Work and Pensions Select Committee, 2017

This meeting was also reported in a newspaper article in the Royston Crow. The picture shows 3 mothers and 3 MP’s (including Heidi Allen and Frank Field who both sat on the Work and Pensions Select Committee). Remember, this meeting was held in March 2016 and the inquiry was not announced until June 2016.

A cynic may conclude that the Committee did not have any intention of running an objective, impartial inquiry to improve the service for the children. From where we’re sitting, the outcome looks pre-conceived.

What did the Committee recommend?

You can read the recommendations for yourself  by following the link at the end of the this piece but in summary, the Committee recommendations focused primarily on arrears collection and enforcement. Worryingly, they  also seemed to have ignored the evidence from Caroline Nokes and the DWP themselves with respect to the problems administering a “lifestyle variation” and they have recommended this be reintroduced. Presumably they will also be beefing up the complaints handling team as well?

Last Words

We’ve already made clear in this short article that we think the Committee has done a disservice to the children by not looking for broadly at the numerous legislative, procedural and operational issues within the Child Maintenance statutory scheme in the UK.

Tinkering around the edges of the CMS issues is not going to solve the problems and it is painfully obvious that what is needed is wholesale, radical reform of the system to bring it into the current century and make it appropriate for modern life.

One of our researchers has contacted the House of Commons to get access under an FOI to the preliminary documentation filed to justify the formation of this inquiry.
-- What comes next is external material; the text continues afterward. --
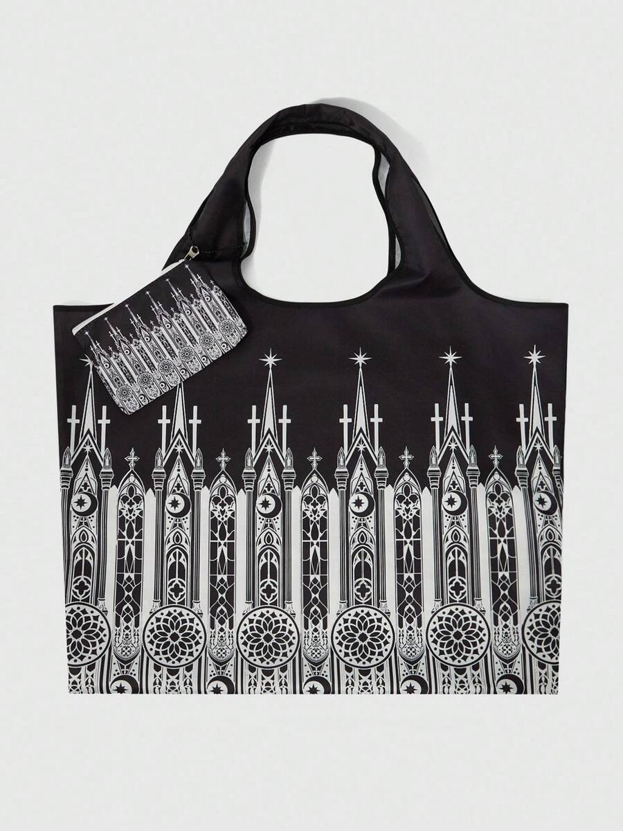 Goth Bolso de mano portátil de mujer con estampado de castillo gótico oscuro, perfecto para fiestas de Halloween, a juego con disfraces de Halloween

At this point, the House of Commons is refusing to disclose the information under the exemption of “Parliamentary Privilege”. This is currently with the Information Commissioner and we are waiting for their decision.
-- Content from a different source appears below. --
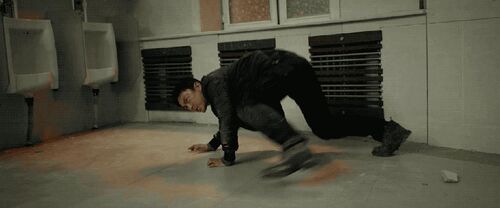 《武馆》秦鹏飞:对,第一个摔是一抓胳膊,苗哥身体一拧,利用身体的力量把他给压倒的;第二个摔,其实是一个大的摔,苗哥一抱腿连人一起趴在地上,而且峰超他摔的时候把另外一个格子间里的洗手池又给砸烂了,最后落地,这个是导致他最终被制服的原因。但事实上,那个洗手池不是道具,是真的洗手池,被我们给砸坏了,本来想避开这个位置,结果就给打在那个上面。本来我还有几招是要再把马桶给砸了的,但是我一看,这个动作已经把洗手池砸了,跟后边的效果差不多,于是后边的动作我就没要。
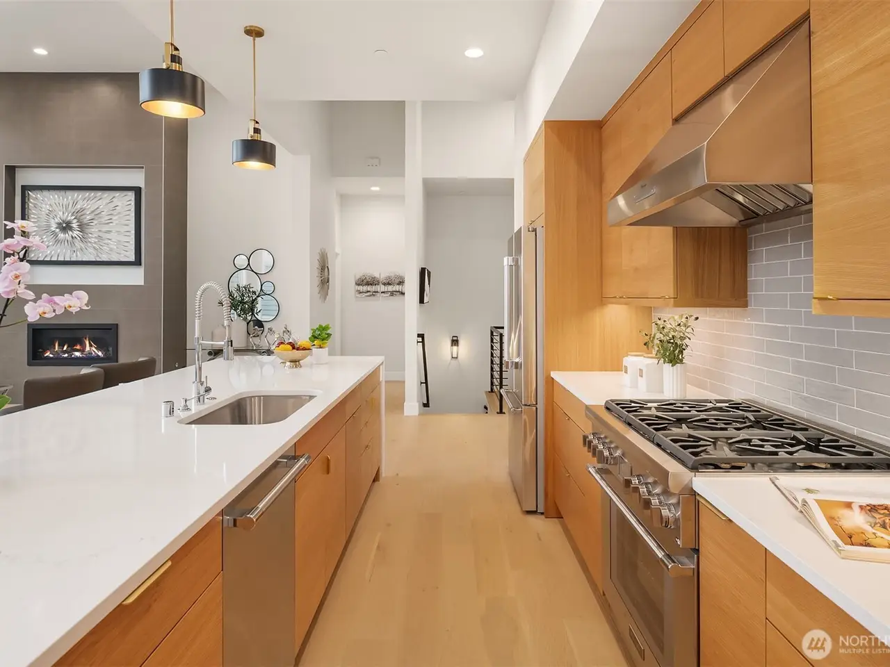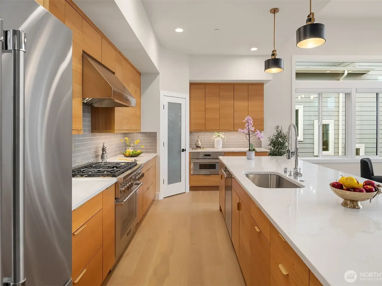 Designer chef's kitchen with waterfall island

Link to the Committee report: 14th Report into Child Maintenance HC587


*”Gingerbread – The charity for single parents” is funded primarily from statutory sources with the DWP and HMRC both giving significant sums to them on an annual basis. Readers should note that their definition of single parent is “The parent with majority care (of the children) without a partner in the same household”. Clearly, this excludes all of the non resident parents paying child maintenance through the statutory scheme.